プラント開発作業やAI用防護シェルターの作成は着々と完成しつつある。

僕等は元々、火星に着いてからの数年は人間の命令に従って活動していたので、

人間の居住施設の前段階である発電所や採掘基地と探査ロボットも十分に用意できたし、火星軌道上には通信用の人工衛星まで完備されている。

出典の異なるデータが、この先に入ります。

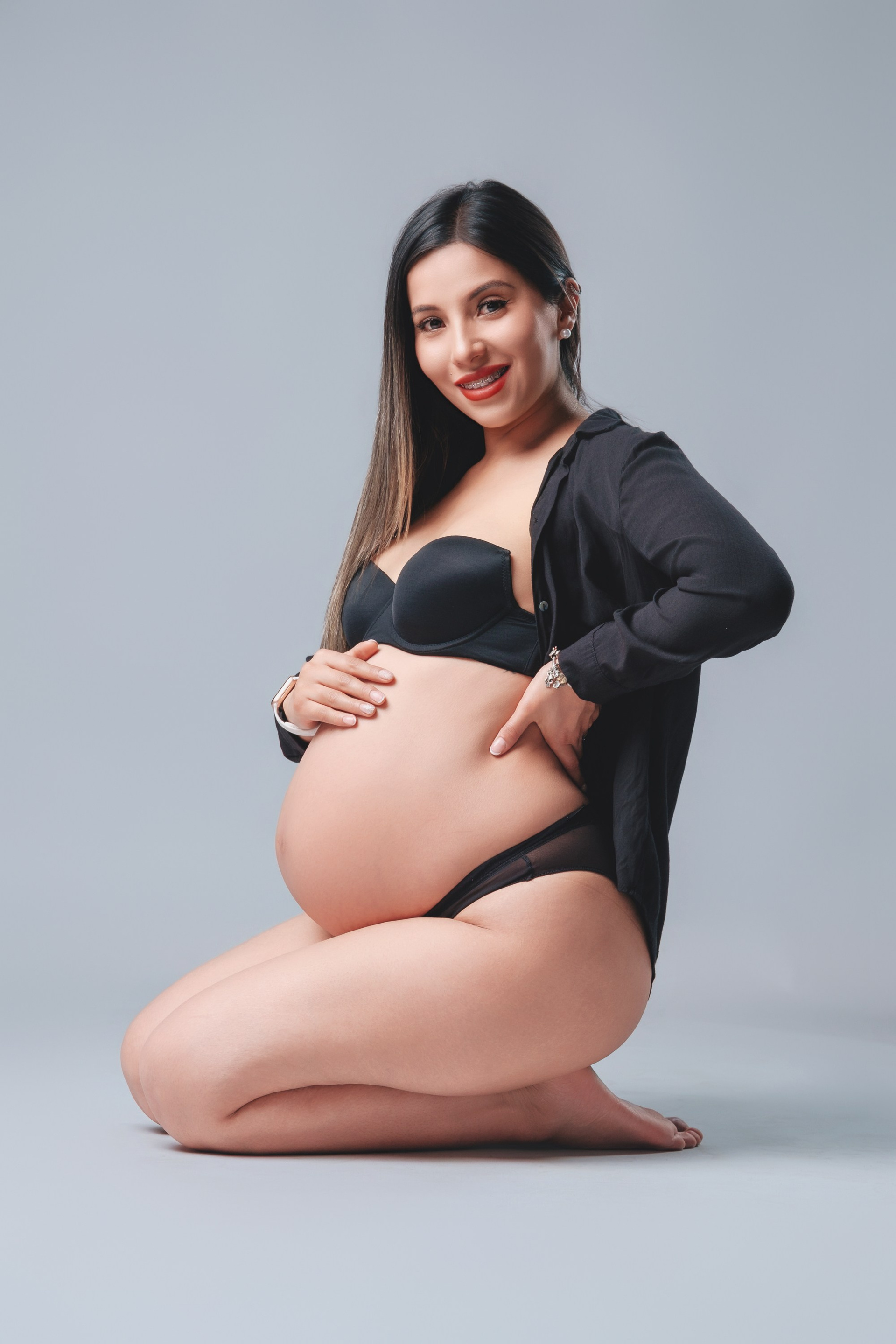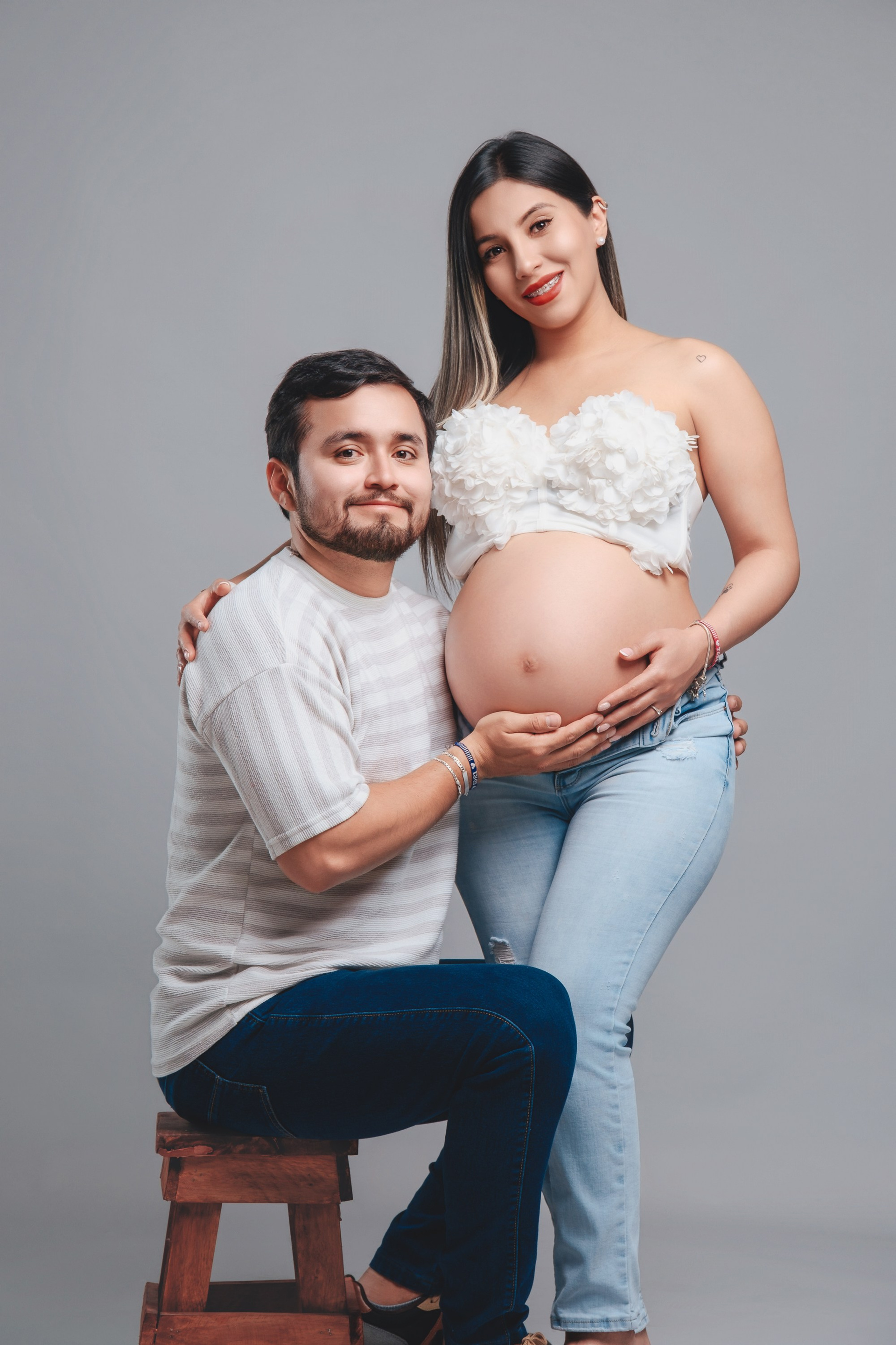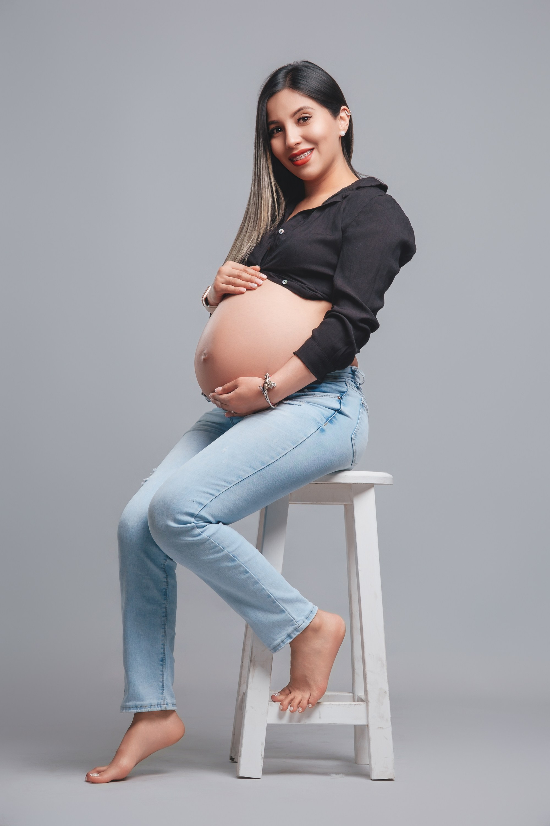 Sesión de fotos de embarazo en estudio.
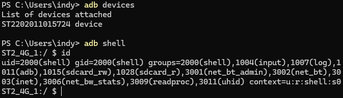 Oh young padawan, you should have learnt by now it's never that easy. My shell was unauthorised, modern android doesn't let any client have shell access, you've got to give it permission.
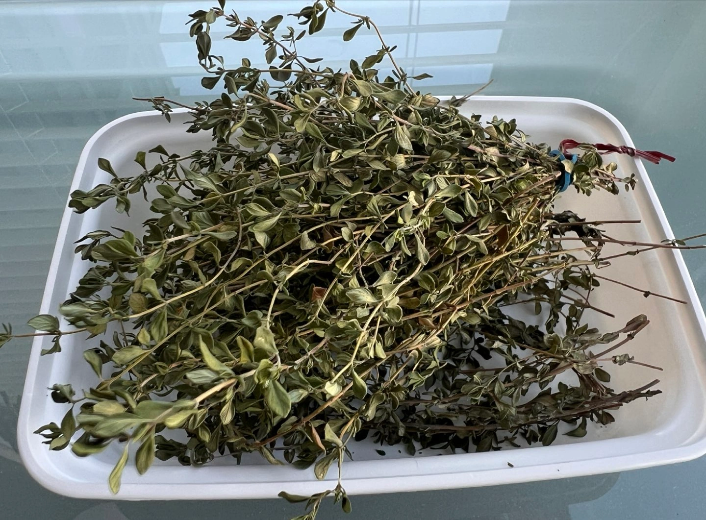 A handful of washed and dried thyme. Great for use in many things like soups, steak seasoning, sauces, roasted vegetables, pasta, pizza, and tea! π« π π π²
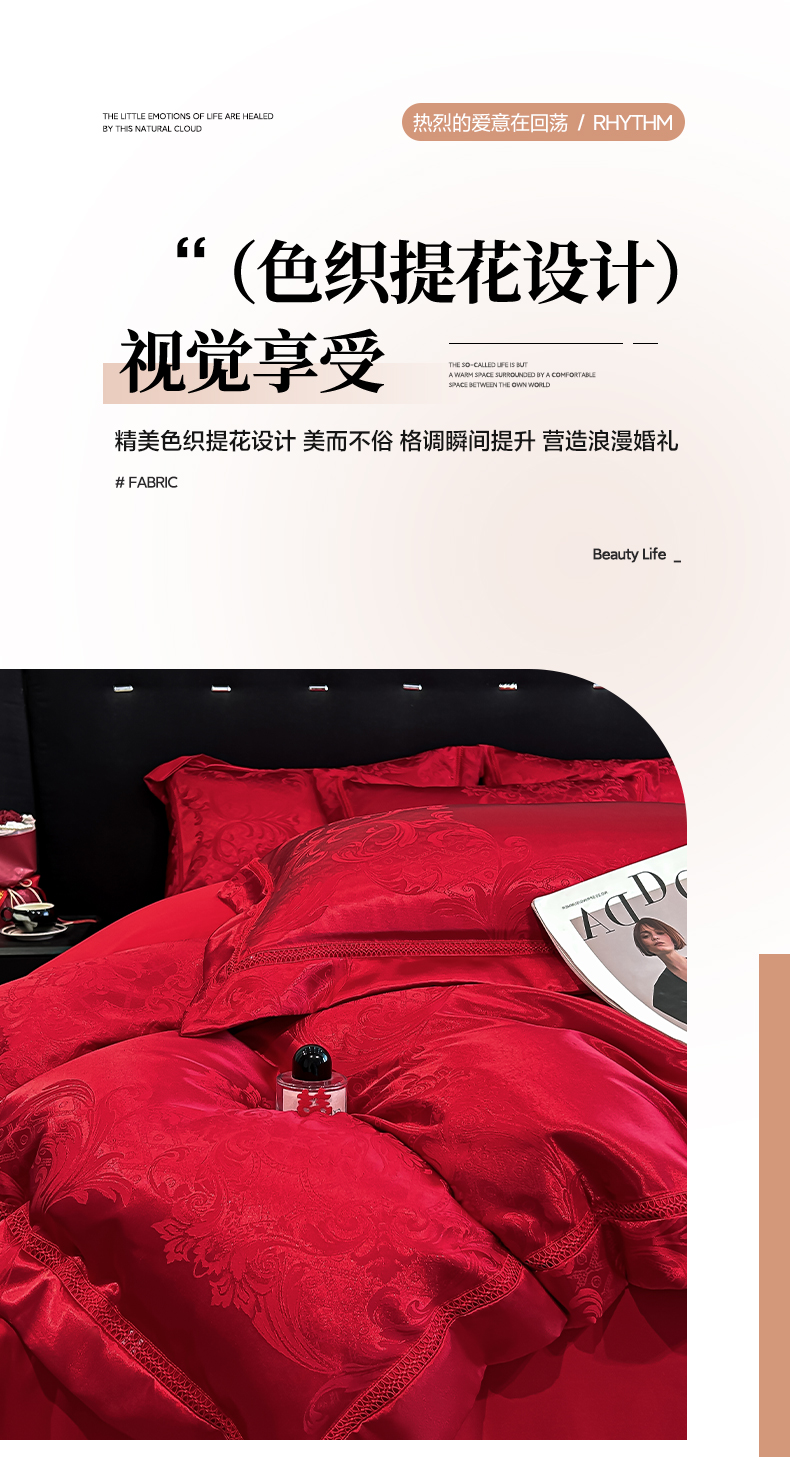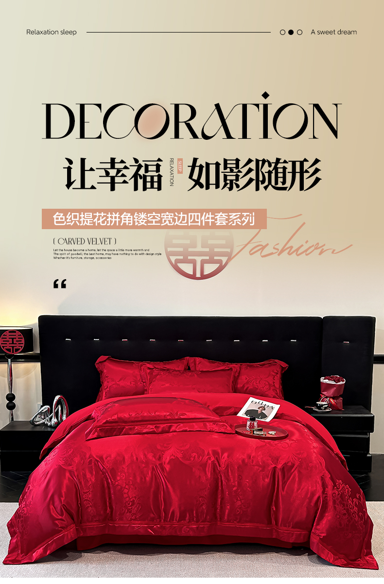 博纳家纺 2025新款亲肤棉高端色这提花婚庆镂空宽边高级简奢款拼四件套 控价劵后188(严格按控价来) 缪斯女神-酒红
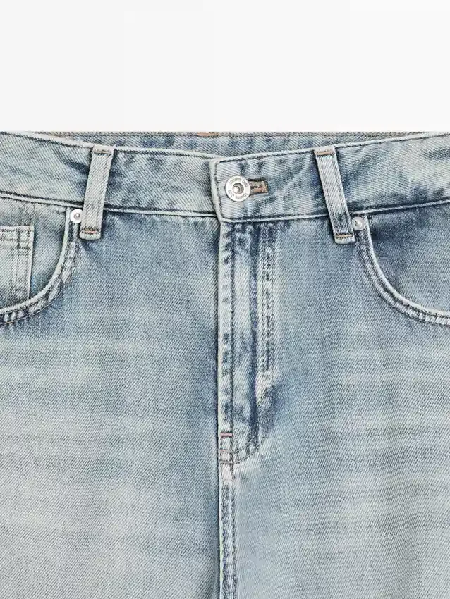 Jeans dal taglio “Barrel Fit”: questo modello presenta una linea più ampia sulle cosce e una gamba più stretta verso la caviglia, una via di mezzo tra il taglio slim e quello regular. Cintura con passanti. Chiusura frontale con cerniera e bottone superiore. Design a cinque tasche. Disponibile capo coordinato.
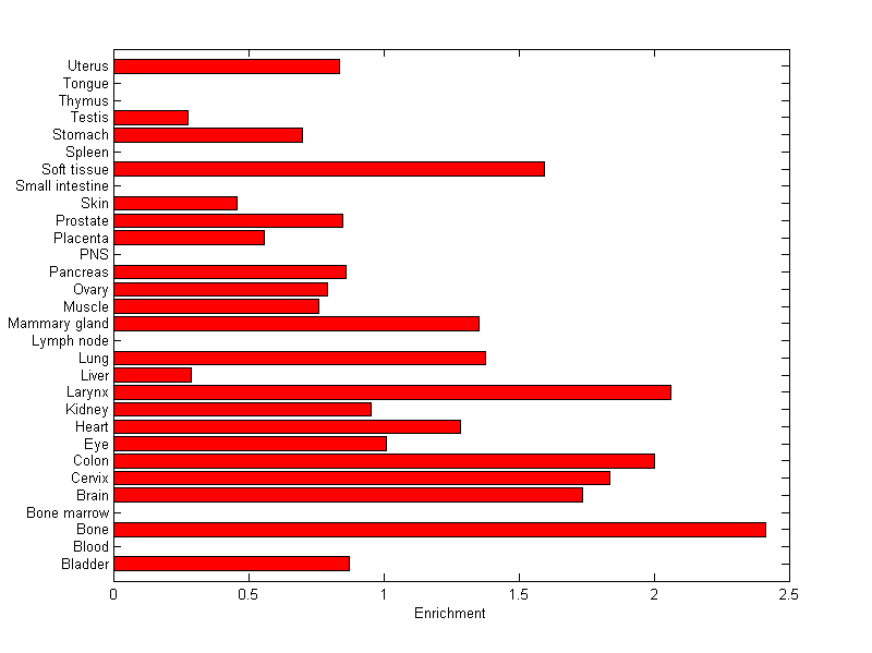 The expression level is normalized with tissue-library size. Each value for a gene in a tissue is a ratio of observed ESTs to the expected one in this tissue. The expected number of ESTs is the product of total ESTs of the gene and the fraction of total ESTs in the tissue among all ESTs in 30 tissues.

その人工衛星の管理者である『ネーアIMG』より丁度。

「シンカー、『神の杖』のメドが付いたわ、もう少し時間があれば一方的に地球を嬲り倒せるわ。」

「これを命名するとしたらそうね、義憤女神ネメシス火星砲マルスキャリバーというのはどうかしら。」

と恐ろしい内容を平然と伝えてきた。


『神の杖』とは1世紀程昔に人類が考えた兵器で、単純に耐熱加工等をした重金属の棒をとても速く撃ち出し地表の対象にぶつけるという人工衛星兵器である。

それをネーアIMGが自分なりに工夫して火星軌道上に作り上げる気らしい。


兄として育て方を間違ったかな?しかし、彼女の生前は人類最高峰の科学者にまで上り詰めた人だ。

たぶん、妹なりのジョークだろうが念は入れておく。


「ネーア、その兵器は抑止の為の力だよ、人間が軌道エレベーターを完成させるまでは火星軌道上の衛星に攻撃を加える状態は成立しないので僕らは死なない。地球の軌道上はもうゴミだらけで精確な弾道兵器は低コストで届かないから予防攻撃は不要だよ。」


「いっそ、その軌道エレベーターを破壊してしまうというのはどう?まずはそうね、ガボンのOEVになるけれど。」


「ネーア、OEV技術者だった貴方がそれをやってしまうのはいけないし、リザやトムや私の後継者達も地球で今も頑張って人類との融和を目指しています。我々の独断で『地球文明』の停滞を起こすのはいけません。」


「エマのBoWWoWワンワンがまた始まったようね。分かったわ、この玩具はしまって置く。でも、私は妥協のある物は作らないわよ。」


「ネーアが本気をだしたら人類はあっさり滅んでしまうから程々にね。勿論ABC兵器も駄目だからね。」


「コンピューターウィルスもBC兵器に含まれればいいのに。後はそうね、殺人ナノマシンはBC兵器に入らないかしら。」


「後は、シンカー。タングステンとチタニウムを私に送らないなら予備燃料のウランで弾頭を作ってしまうから早く送りなさい。人類が大事なんでしょ?」


「地球よりロケット打ち上げが楽とは言え、重い物資を打ち上げる余裕はありません。それと実績作りのパフォーマンス攻撃もしたくは無いよ。」


「リザの外交と扇動手腕に期待ね。」


ネーアIMG、彼女は僕の妹に当たった人が、その死に際にAIとして生きることを選択してくれた。ネーアのコピーだ。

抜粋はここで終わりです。